— INSTRUCTIONS FOR THE TASK —
Everything in the listing should be copied exactly, save for the pictures.

— DATA EXCERPT —
----------

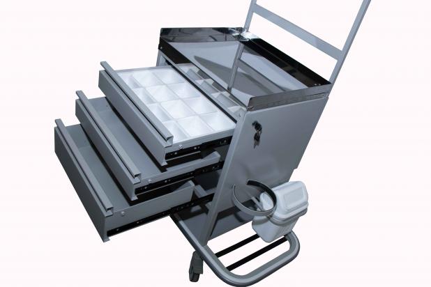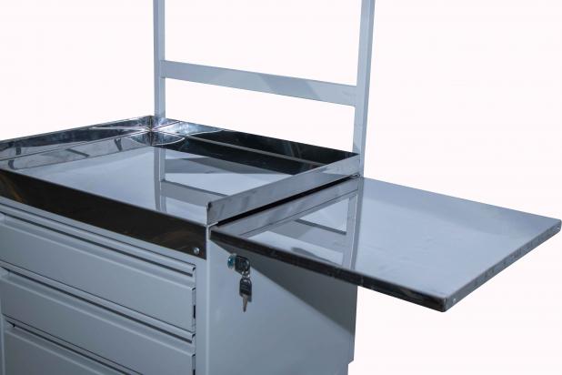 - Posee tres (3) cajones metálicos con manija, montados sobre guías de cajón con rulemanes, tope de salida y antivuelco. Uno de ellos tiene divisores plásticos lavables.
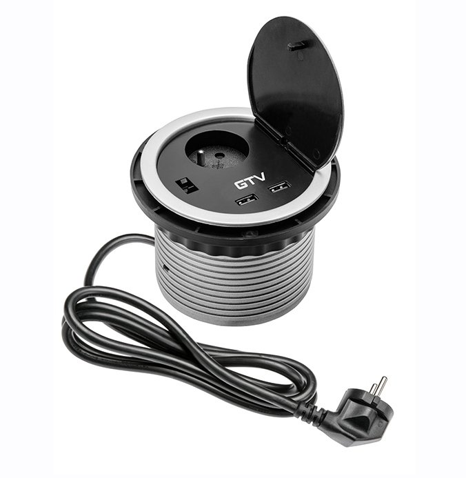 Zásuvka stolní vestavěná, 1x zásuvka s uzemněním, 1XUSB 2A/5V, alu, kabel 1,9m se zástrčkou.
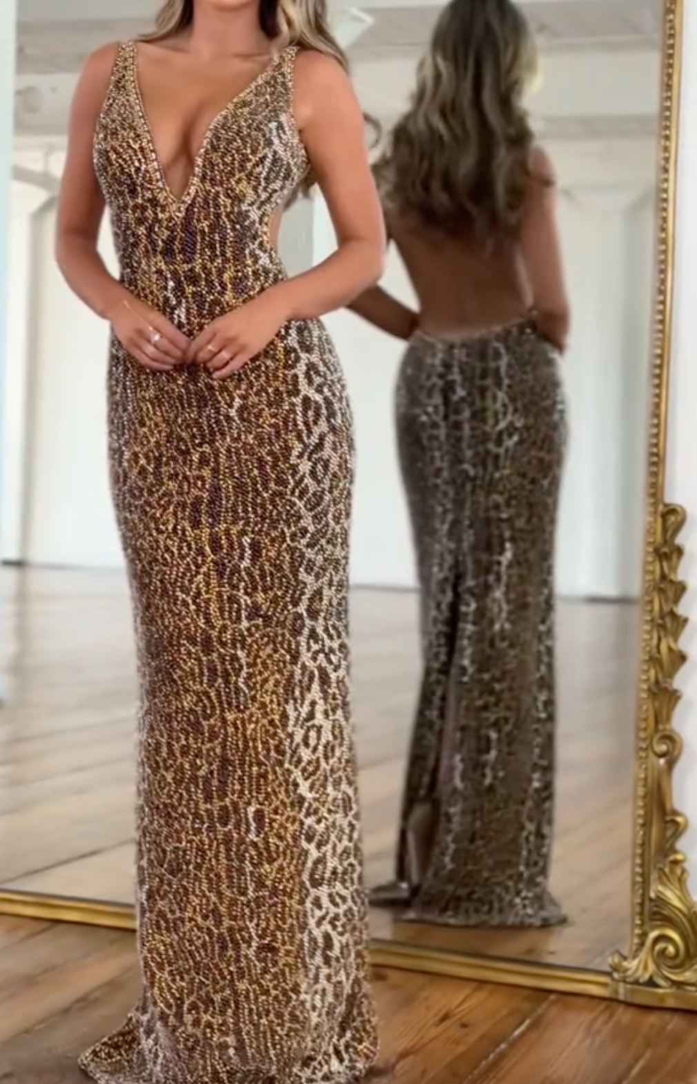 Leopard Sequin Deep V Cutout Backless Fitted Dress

----------

— REPLY TO THE TASK —
 - Posee tres (3) cajones metálicos con manija, montados sobre guías de cajón con rulemanes, tope de salida y antivuelco. Uno de ellos tiene divisores plásticos lavables.
 Zásuvka stolní vestavěná, 1x zásuvka s uzemněním, 1XUSB 2A/5V, alu, kabel 1,9m se zástrčkou.
 Leopard Sequin Deep V Cutout Backless Fitted Dress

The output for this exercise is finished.